▸ WHAT NEEDS TO BE DONE
In the data below, locate the line containing "A surreal image" and the line containing "The recession is", then retype both and everything between them exactly. Pictures are not part of the copy.

▸ TASK DATA
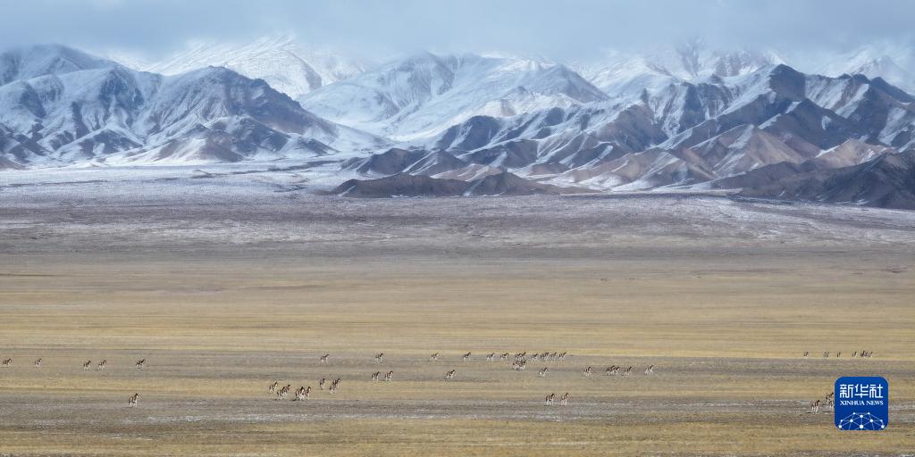 10月16日,在阿爾金山國家級自然保護區(qū),藏野驢在草原上覓食(無人機照片)。
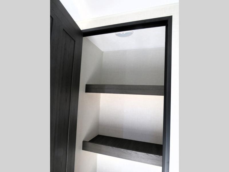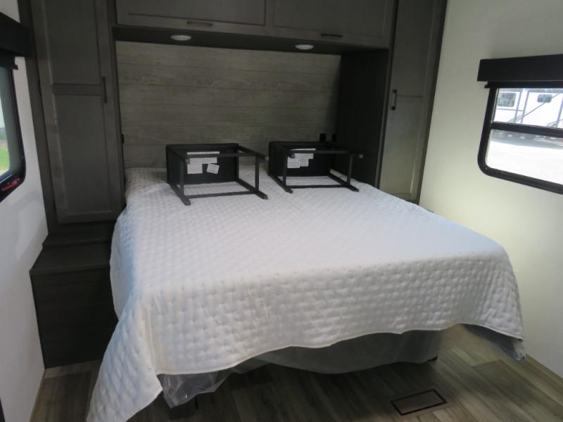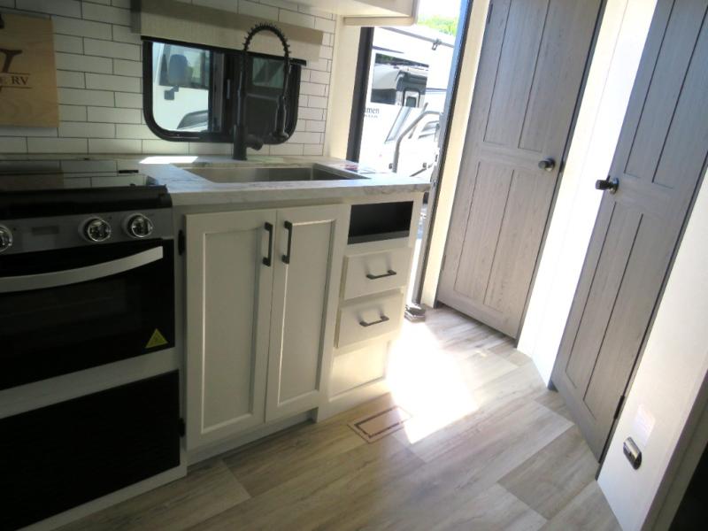This travel trailer is perfect for two people who wish to escape the hustle and bustle of everyday life! You will enjoy a good night's rest on the sleep tight queen bed with shelves and wardrobes on either side to hang your clothes, and if you want an extra guest or two to tag along then you can transform the 88" x 42" U-shaped dinette into an extra sleeping space. Everyone will stay clean and refreshed with a rear corner bathroom that has a 34" radius shower. Grab your dry goods from the walk-in pantry, your perishables from the 10 cu. ft. refrigerator, and cook them all on the three burner cooktop. The bar top with two bar stools is the perfect place to enjoy your morning coffee and eggs!
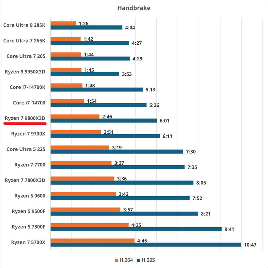 動画のエンコードにかかる時間を計測した。H.264で2分46秒、H.265で6分1秒となる。Ryzen 7 7800X3Dと比べるとH.264で50秒速く、H.265でも2分4秒速くなっている。3D V-Cacheの配置変更の効果が出ている。やはり競合のCore Ultra 7 265Kとの性能差は大きいが及第点といえそうだ。ある程度のクリエイティブ作業にも対応できる。
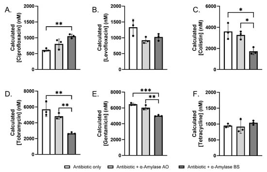 In the absence of amylase, ciprofloxacin levels decreased to 615.3 ± 49.0 nM (Figure 2A). This is consistent with published reports of precipitation of ciprofloxacin in normal saline at 37 °C [56]. Interestingly, co-treatment of α-amylase BS significantly increased ciprofloxacin (1051.2 ± 64.0 nM, p = 0.0049) levels. α-Amylase AO also increased ciprofloxacin levels (805.7 ± 158.6 nM, p = 0.1370), though not significantly. This suggests that α-amylase BS may sequester ciprofloxacin, thereby protecting it from degradation. We also tested levofloxacin and tetracycline, which remained stable under the assay conditions and were unaffected by either amylase (Figure 2B,F). Colistin, on the other hand, exhibited a decrease in concentration in the presence of BS (1740.6 ± 338.1 nM, p = 0.0118), suggestive of antibiotic degradation occurring (Figure 2C). Similarly to colistin, this trend was also observed for tobramycin (2670.2 ± 119.5 nM, p = 0.0016) and gentamicin (5014.2 ± 90.0 nM, p = 0.0002) (Figure 2D,E).
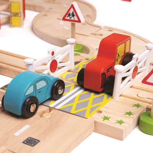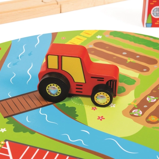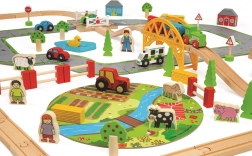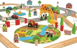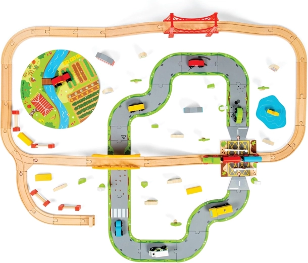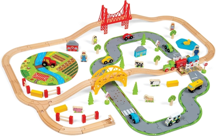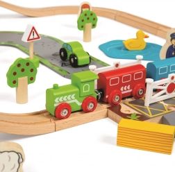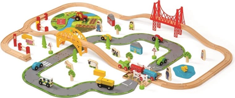 Deze houten treinbaan met landelijke weg is de perfecte combinatie van een treinbaan en autobaan, die de echte wereld van verkeer nabootst. Dankzij bruggen en overgangen worden uw kinderen meegenomen naar een wereld vol leuke avonturen. Het geheel is aangevuld met lokale accessoires zoals een boerderij, gebouwen en bomen, die de omgeving verfraaien.
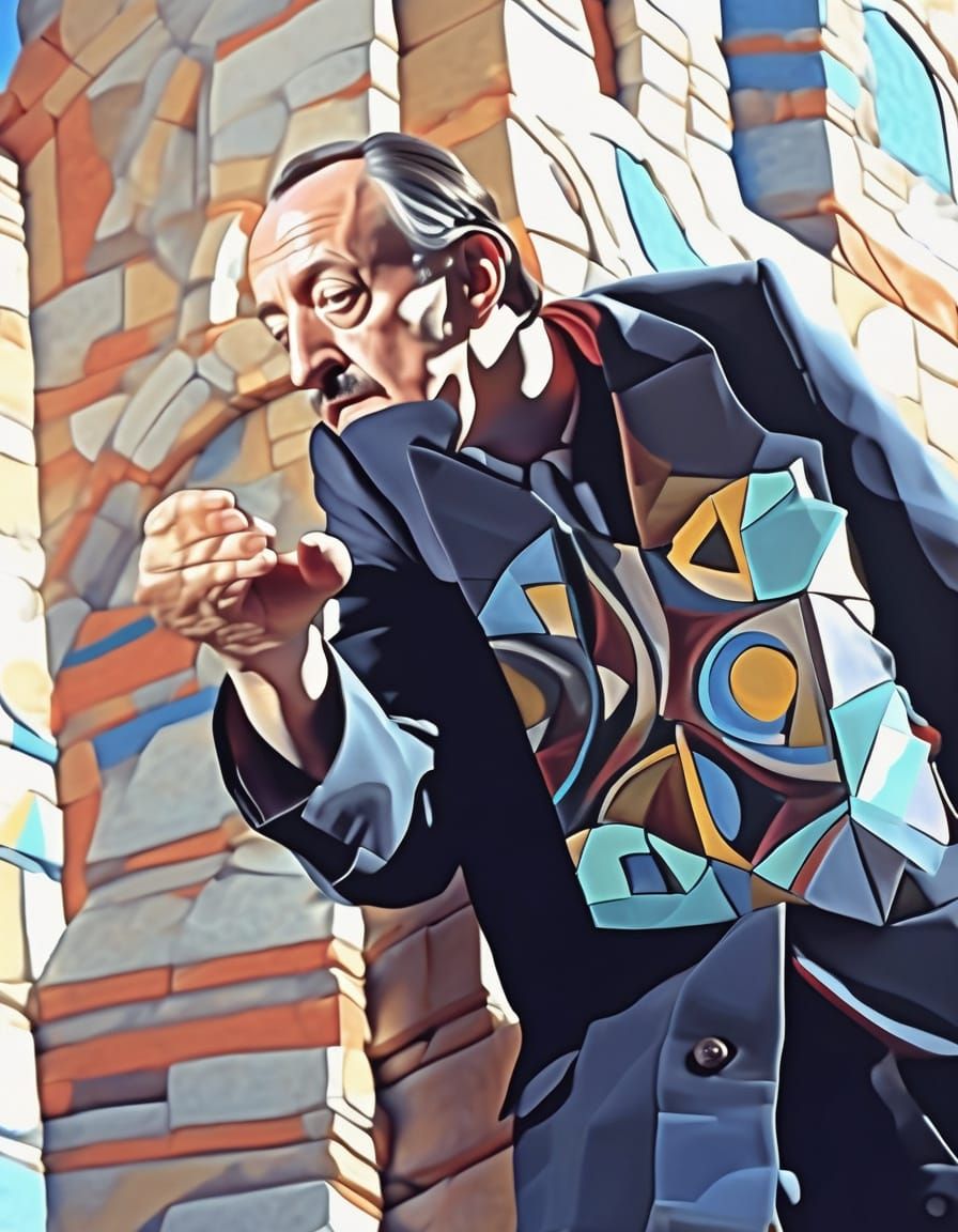 A surreal image in a Byzantine icon style featuring geometric shapes and bold lines. This rendering shows a rejected brick with vivid, split-complementary colors and high contrast lighting.
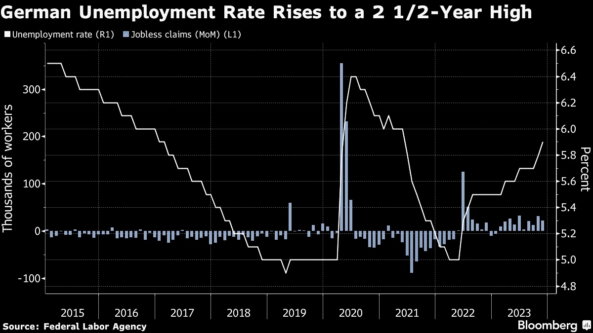 The recession is slowly beginning to eat into the labor market. After an increase of 22,000 unemployed, the unemployment rate rose to a 2.5-year high of 5.9%.
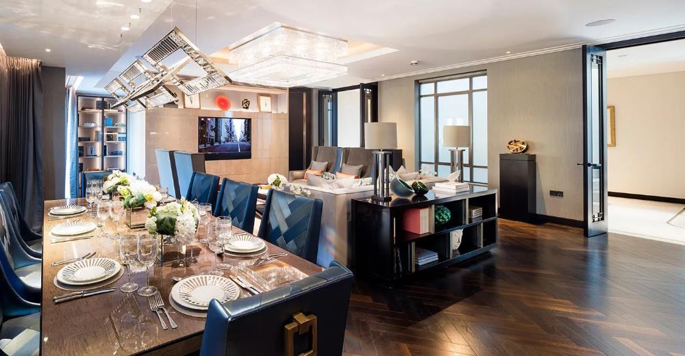 This open-plan living and dining space exemplifies modern luxury in American Style home design, with every detail reflecting refinement and elegance. The dining area features a dark wood table paired with deep blue leather chairs, accented by metallic details for a luxurious feel. Neatly arranged tableware and fresh floral arrangements complement the gold pendant lights, creating a ceremonial dining atmosphere.
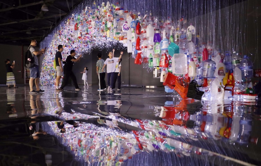 Visitors view an installation artwork made of plastic waste on July 14, 2019 in Shanghai. The artwork made of nearly 20,000 recycled plastic products is recently on display at the Shanghai Science and Technology Museum. The arch is 17 meters wide and when viewed from a distance, presents an oval shape through a reflection on the mirrored floor. The image is meant to underscore our awareness that the plastic garbage belt formed in the ocean is around us all the time, and a reminder that we should reduce the use of plastic materials.[Photo/Xinhua]

▸ RESULT OF THIS EXERCISE
 A surreal image in a Byzantine icon style featuring geometric shapes and bold lines. This rendering shows a rejected brick with vivid, split-complementary colors and high contrast lighting.
 The recession is slowly beginning to eat into the labor market. After an increase of 22,000 unemployed, the unemployment rate rose to a 2.5-year high of 5.9%.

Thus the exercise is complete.